Theme park enthusiasts at Happy Valley Tianjin can now enjoy an immersive, multisensory virtual reality journey inside the park’s XD Motion Cinema. Located an hour and a half southeast of Beijing and situated in the park’s Viking Harbor land, the 60-seat theater, designed by Canada’s Triotech, integrates 3D stereoscopic graphics and visual effects.
The Tianjin theater is the ninth Triotech cinema purchased by Happy Valley’s parent company, the Overseas Chinese Town Group (OCT). It is a popular offering, thanks to its high hourly throughput and broad family appeal.

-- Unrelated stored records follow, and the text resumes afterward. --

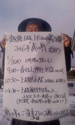 十「お館様¨謙信公が居城¨春日山で、麓にある我らが本陣、無料の企画展¨謙信公と春日山城展¨絶賛開催中の上越市埋蔵文化財センターの前で、はたまた、お祭りや催しの援軍に参陣する道中、信号待ちの鉄馬で、百円ショップなる便利屋さんなどで任務遂行中に、年末恒例、直江津駅でお出迎え、お見送りをさせていただいた昨日は、階段を急ぎ¨お手洗いに向かっていた緊迫した時も、とにもかくにもあちこちで¨暖かいお言葉を頂戴いたしました…。」
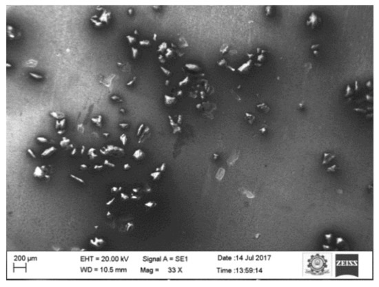 To ensure the uniform and homogenous distribution of the reinforcement particles, SEM (Carl Zeiss, One North Broadway, NY, USA) with a suitable accelerating voltage was applied. Back-Scattered Electron (BSE) mode was also used to observe the distribution of the reinforcement particles. Prior to metallographic studies, the specimen was perfectly polished in the polishing machine using SiC paper of various sizes. To observe the microstructure of the aluminum and its composites, the Keller reagent was prepared as per the standards and was used as an etching agent. Figure 1 shows a micrograph of the reinforced composites at 10 wt.%. The SEM images prove the uniform distribution of the reinforcement particles in the aluminum matrix.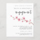 Sakura Cherry Blossom Engagement Invitation. A budget price SMALLER 4.5” x 5.6” alternative. Available in a SEMI-GLOSS 110 lb CARD STOCK which is the default option (thicker for invitations), OR a SATIN FINISH 80 lb THINNER PAPER STOCK (ideal for enclosures). Envelopes are an optional extra and are slightly larger than the card size. Modern minimalist style with a single branch of Sakura florals across the page from the left hand side. Engagement is set in an informal handwriting style and is placed above the leaves along with your names, with the other details beneath. Easily personalise the details to your own. A coordinating Dusty pink background is on the reverse. You can change text and background colours to any of your choice to match your wedding colour theme.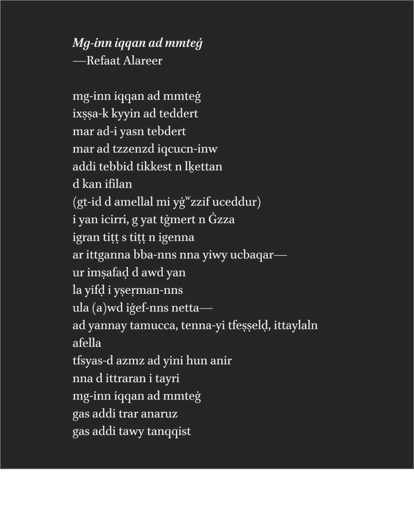Find more translations collected by Refaat’s publisher, Just World Books, and at IfIMustDie.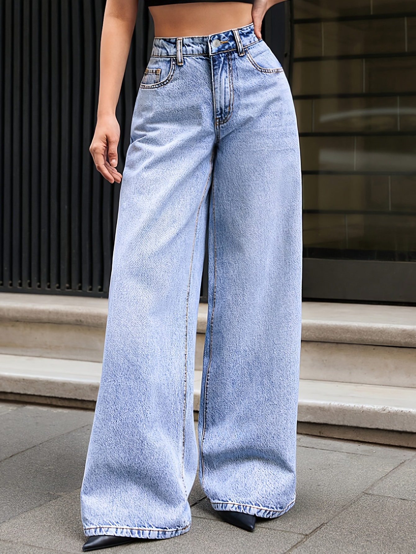 Jeans Femme Taille Haute Jambe Large Élégant Non Extensible Fermeture Zippée Toute Saison Décontracté et Formel Polyvalent Design Minimaliste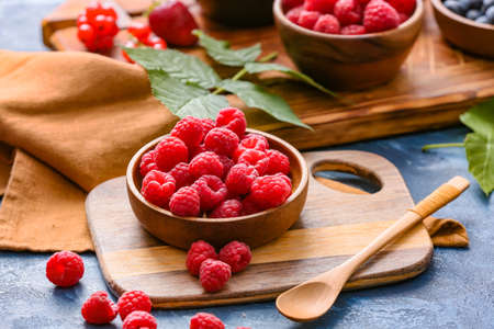 Fresh raspberries in wooden bowl on gray table. Red ripe raspberries, sweet summer berries

Triotech also offers a library of more than 40 films—including bur-rowing into haunted mines, speedy hover chases, and a journey through the center of the earth—enabling parks like Happy Valley to rotate content on a regular basis, providing fresh attractions for returning guests.
To Hell and Back: A Museum Experience in Singapore
Razeen Chan, director for research and consultancy with Singapore History Consultants and Journeys Tours and Travel Services, compares the Mexican Day of the Dead with the Chinese Ghost Month in the newly opened Hell’s Museum.

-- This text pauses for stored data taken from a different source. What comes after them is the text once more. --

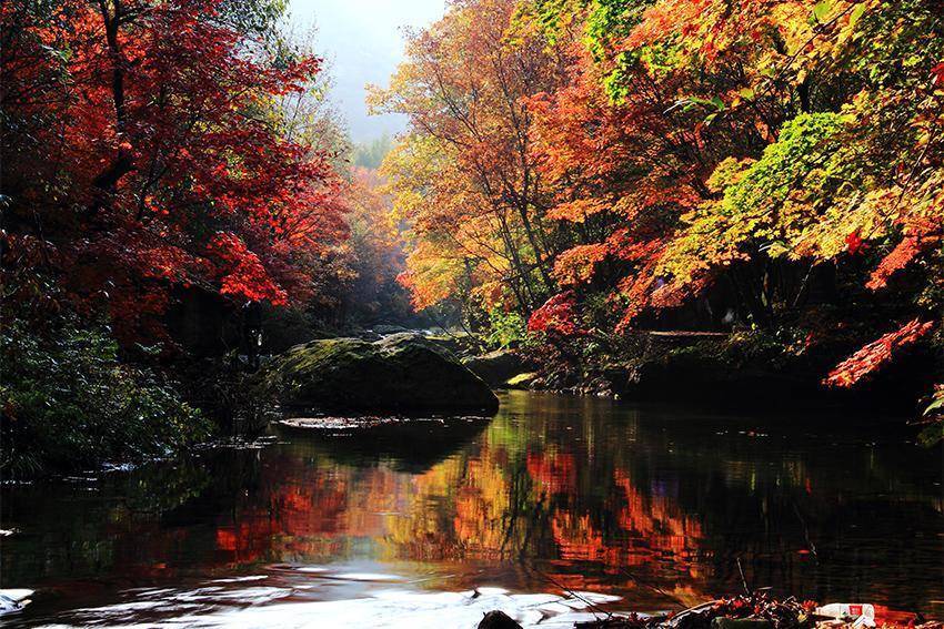 踏着深秋的脚步走进本溪县大石湖老边沟景区,映入眼帘的是五彩斑斓的秋日美景,从三角枫叶到十三角枫叶,有黄、有绿、有红,三色相间,各具特色。多达近20种的枫树沿着层峦叠嶂的山谷铺展开来,在秋日的映照下,争奇斗艳、美不胜收。
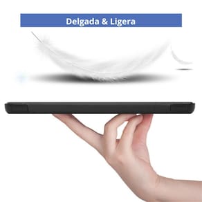 Estojo de couro sintético e plástico. Tampa de canto reforçada para evitar choques e quebras. A frente é dura e tem ímãs para evitar aberturas durante o transporte. Tem a função de tela de dormir/acordar ao abrir ou fechar o estojo. Graças ao design da capa, desfrutamos de uma exibição completa da tela, pois ela permanece completamente nítida quando é fixada nas bordas do tablet. O interior da capa é de camurça para evitar arranhões quando o tablet está dentro da capa. O design do estojo é específico para o modelo e, graças a isso, você pode fazer uso normal de botões, portas e câmeras.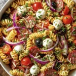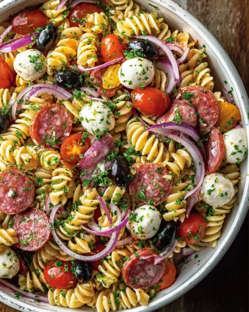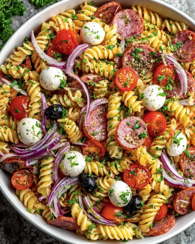 A refreshing and savory Zesty Italian Salad featuring rotini pasta, a medley of cheeses, cured meats, and vibrant vegetables, enhanced with a homemade dressing.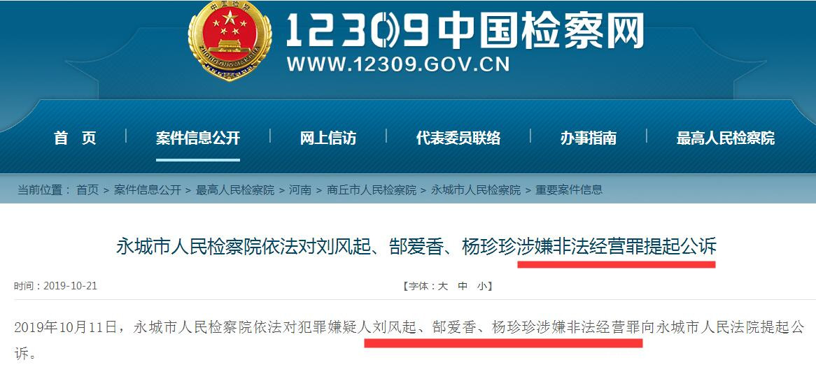 2019年10月11日,永城市人民檢察院依法對犯罪嫌疑人劉風起、郜愛香、楊珍珍涉嫌非法經營罪向永城市人民法院提起公訴。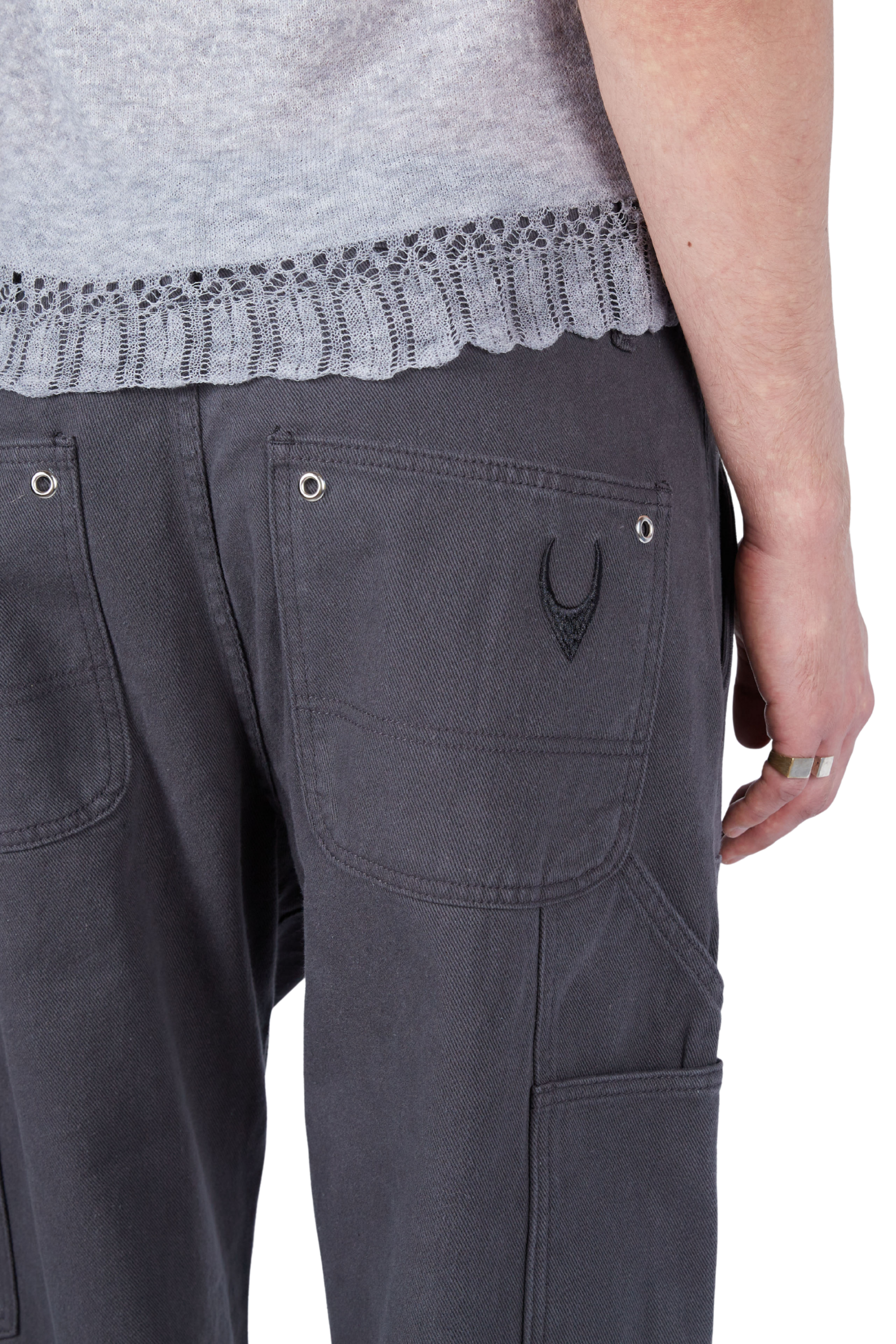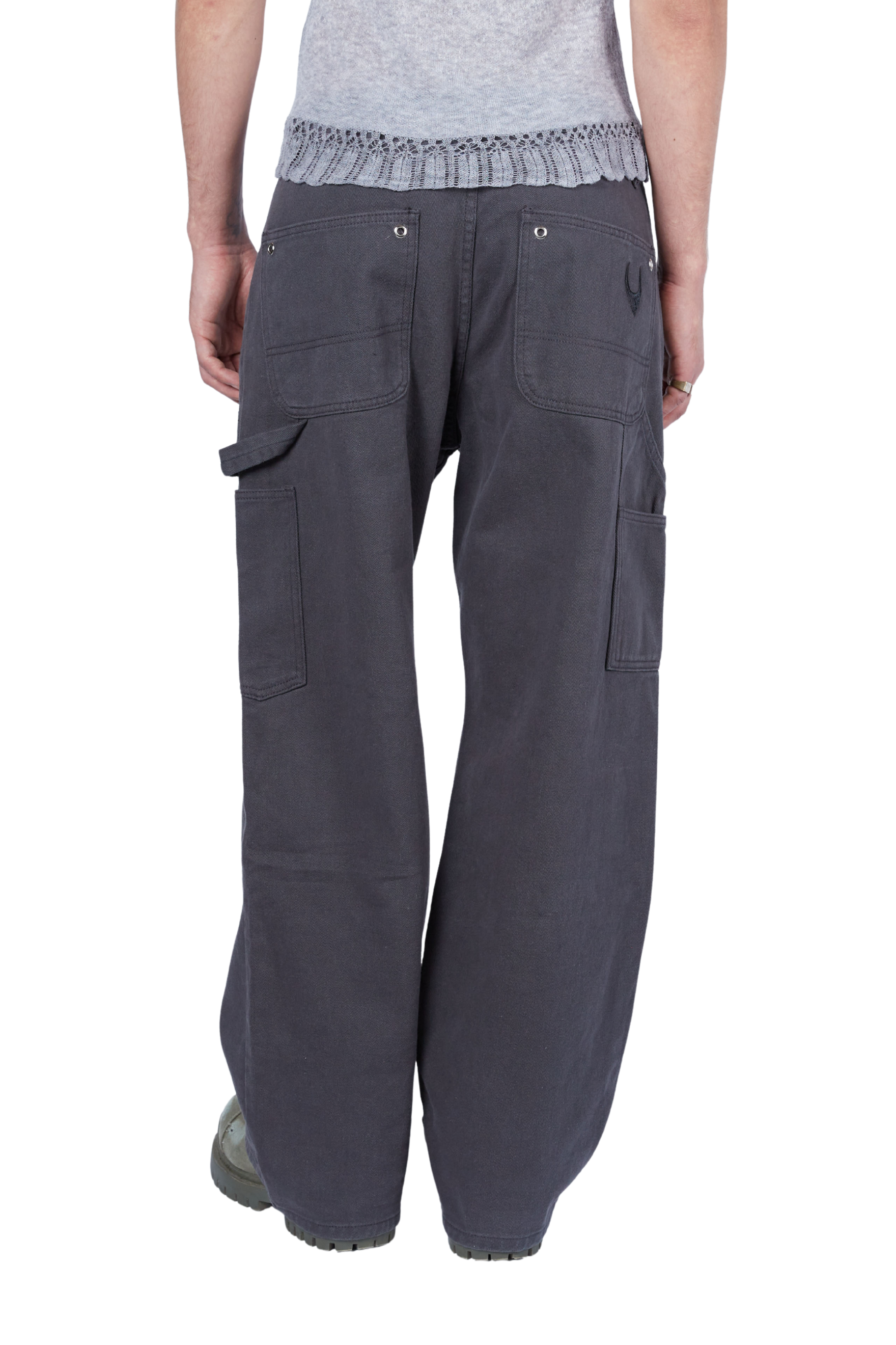 Carpenter Pants with a straight leg and reinforced double-knee panels. Finished with grommet detailing down the leg.

The SG$1.8 million project, situated inside Singapore’s Haw Par Villa, is billed as the “only attraction in the world dedicated to death and the afterlife.” Haw Par Villa, formerly known as Tiger Balm Garden, is widely known for its depiction of the Ten Courts of Hell, a series of dioramas built after World War II, which present graphic representations of sins and punishments in the afterlife.
Hell’s Museum builds on this tradition, but also showcases comparative insights of how death and the afterlife are viewed across religions, cultures, and time. Journeys, which was appointed in 2015 by the Singapore government to operate Haw Par Villa, plans to invest more in the park over the next few years.